Activity
For the entries below, copy exactly the line that contains "Łódź Design Festival" through the line that contains "Edward Hopper Puesta", both ends included, and exclude all pictures.
=== Source information ===
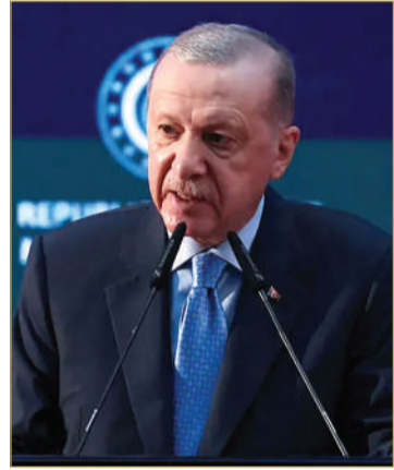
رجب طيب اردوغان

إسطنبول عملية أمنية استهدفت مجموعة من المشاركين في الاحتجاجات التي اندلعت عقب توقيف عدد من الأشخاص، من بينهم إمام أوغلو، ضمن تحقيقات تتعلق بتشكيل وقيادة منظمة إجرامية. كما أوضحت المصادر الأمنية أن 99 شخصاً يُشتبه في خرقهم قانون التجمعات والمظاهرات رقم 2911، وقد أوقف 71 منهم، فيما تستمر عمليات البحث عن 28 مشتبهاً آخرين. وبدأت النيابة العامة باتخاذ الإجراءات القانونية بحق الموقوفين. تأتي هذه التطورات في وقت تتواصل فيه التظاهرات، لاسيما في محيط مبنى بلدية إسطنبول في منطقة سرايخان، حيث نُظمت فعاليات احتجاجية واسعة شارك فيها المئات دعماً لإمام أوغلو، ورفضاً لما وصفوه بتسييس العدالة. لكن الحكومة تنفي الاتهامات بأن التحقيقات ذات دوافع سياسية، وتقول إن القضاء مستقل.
===
=== Source information ===
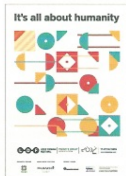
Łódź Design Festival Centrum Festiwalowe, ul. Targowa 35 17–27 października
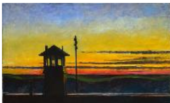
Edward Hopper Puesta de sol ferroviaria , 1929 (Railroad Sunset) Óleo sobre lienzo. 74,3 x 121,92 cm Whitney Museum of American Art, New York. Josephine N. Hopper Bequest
===
=== Source information ===
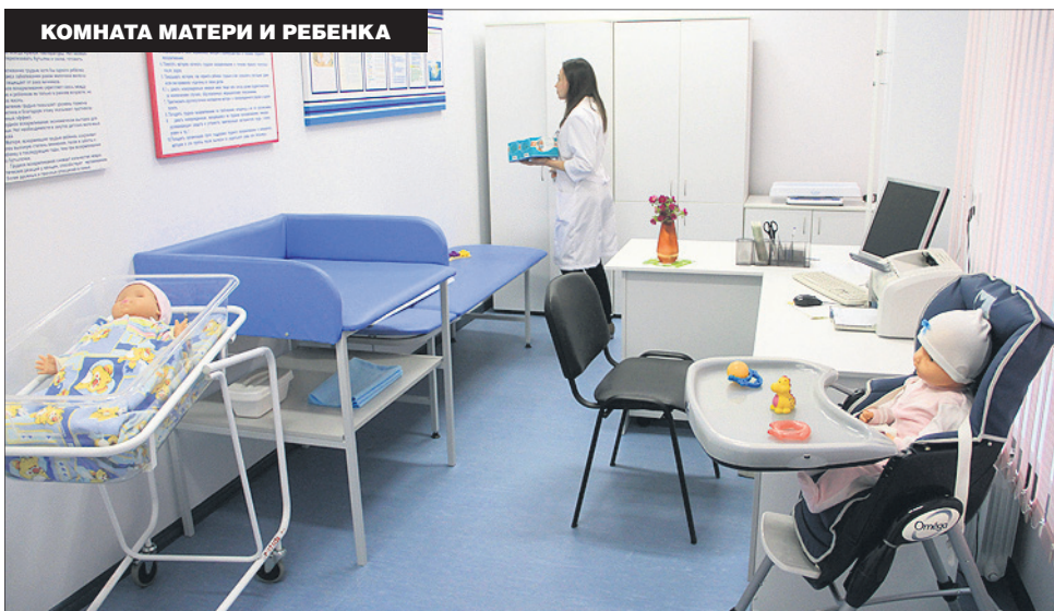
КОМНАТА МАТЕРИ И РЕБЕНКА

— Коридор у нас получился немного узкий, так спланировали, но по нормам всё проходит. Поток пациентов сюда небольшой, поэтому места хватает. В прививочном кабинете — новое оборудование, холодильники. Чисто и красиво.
===
Response to this exercise
Łódź Design Festival Centrum Festiwalowe, ul. Targowa 35 17–27 października
Edward Hopper Puesta de sol ferroviaria , 1929 (Railroad Sunset) Óleo sobre lienzo. 74,3 x 121,92 cm Whitney Museum of American Art, New York. Josephine N. Hopper Bequest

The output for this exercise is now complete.